No gray areas
Graybar has been commended for its long-standing commitment to governance practices that are expected at public companies, including providing formal training to board members. Long before he retired, former chairman, president and CEO Bob Reynolds initiated a formal process that required the board to review succession planning every September for the entire company ‘but especially regarding the roles of president, chairman and CEO,’ says Matthew Geekie, senior vice president, secretary and general counsel.
In the three years since Kathleen Mazzarella became chair, president and CEO at Graybar, succession planning has become a year-round review by senior management of all leaders of high potential. It culminates in a meeting of the company officers, who identify individuals ‘who can ascend the ranks,’ says Geekie. Even in evaluating board members – all of whom are internal – the intent is to elect directors who could potentially take on CEO responsibilities.

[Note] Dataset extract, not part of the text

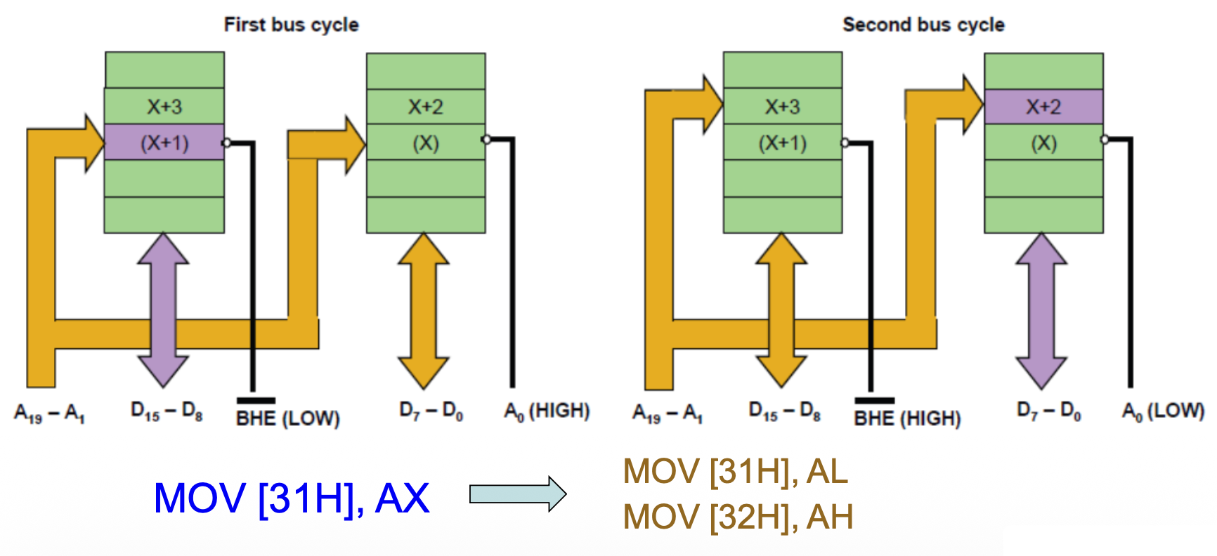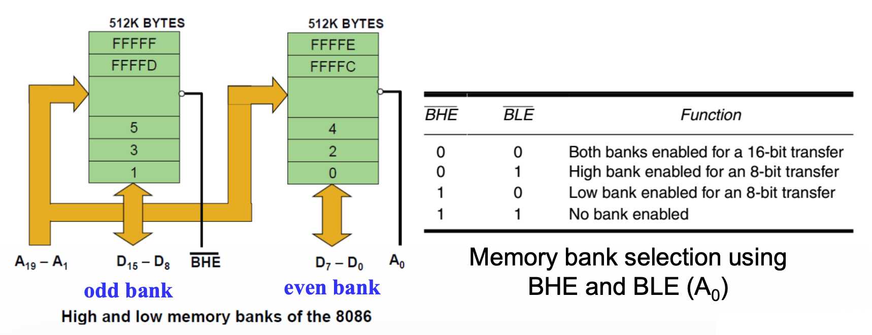 • \(\overline{\text{BHE}} = 0\) 启用高位 / 奇数位的内存库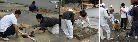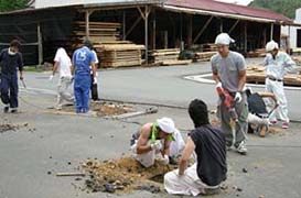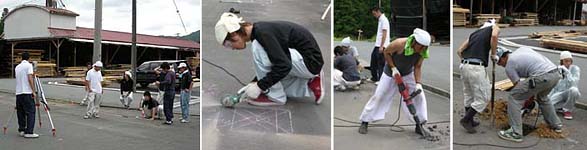 木工グループ全員で森林組合製品倉庫のアンカーボルトを据える工事をしました。トランシットで精密に芯を出し、レベルで高低差を実測、午後からホールダウンのアンカーのための基礎コンクリートを打つ穴を掘削。カッターでアスファルトを切り、ハツリで穴を開けて行きます。なかなかよく締まっていて、たいへん。雨がぽつぽつしています。

Graybar’s board and senior management have listened to the debate within governance circles about the value of having outside advisers and independent directors, but so far haven’t opted to do that. To avoid becoming insular, however, board members are urged to join other boards – corporate, not-for-profit or community – and to continue their education to ensure ‘we stay current on best practices,’ says Geekie. Five of its nine directors serve on at least one other board.
Once a year, the board reviews the latest thinking about best practices by ISS, Korn Ferry and other advisers. ‘We evaluate ourselves against that and then, roughly every other year, I’ll make a presentation to the board about what’s going on and we think. Then we discuss whether we want to adopt any of these things,’ Geekie says.
Graybar is required to file quarterly financial statements with the SEC as it has about 6,000 shareholders – all either current or retired employees – which exceeds the threshold above which public reporting is required. ‘Arguably, we wouldn’t need a disclosure committee, but we have one,’ says Geekie. It meets about eight times a year, and representatives from all key departments have a seat at the table ‘to make sure we’re getting the right information out to our fellow shareholders.
‘The benefit of attending to the best practices of corporate governance is the discipline it requires and instills to run your organization with great efficiency and with the best interests of the appropriate constituencies in mind. And it should be for the long term. If things begin to get soft, [such discipline] helps you understand how you should change to make sure you handle the downturns appropriately.’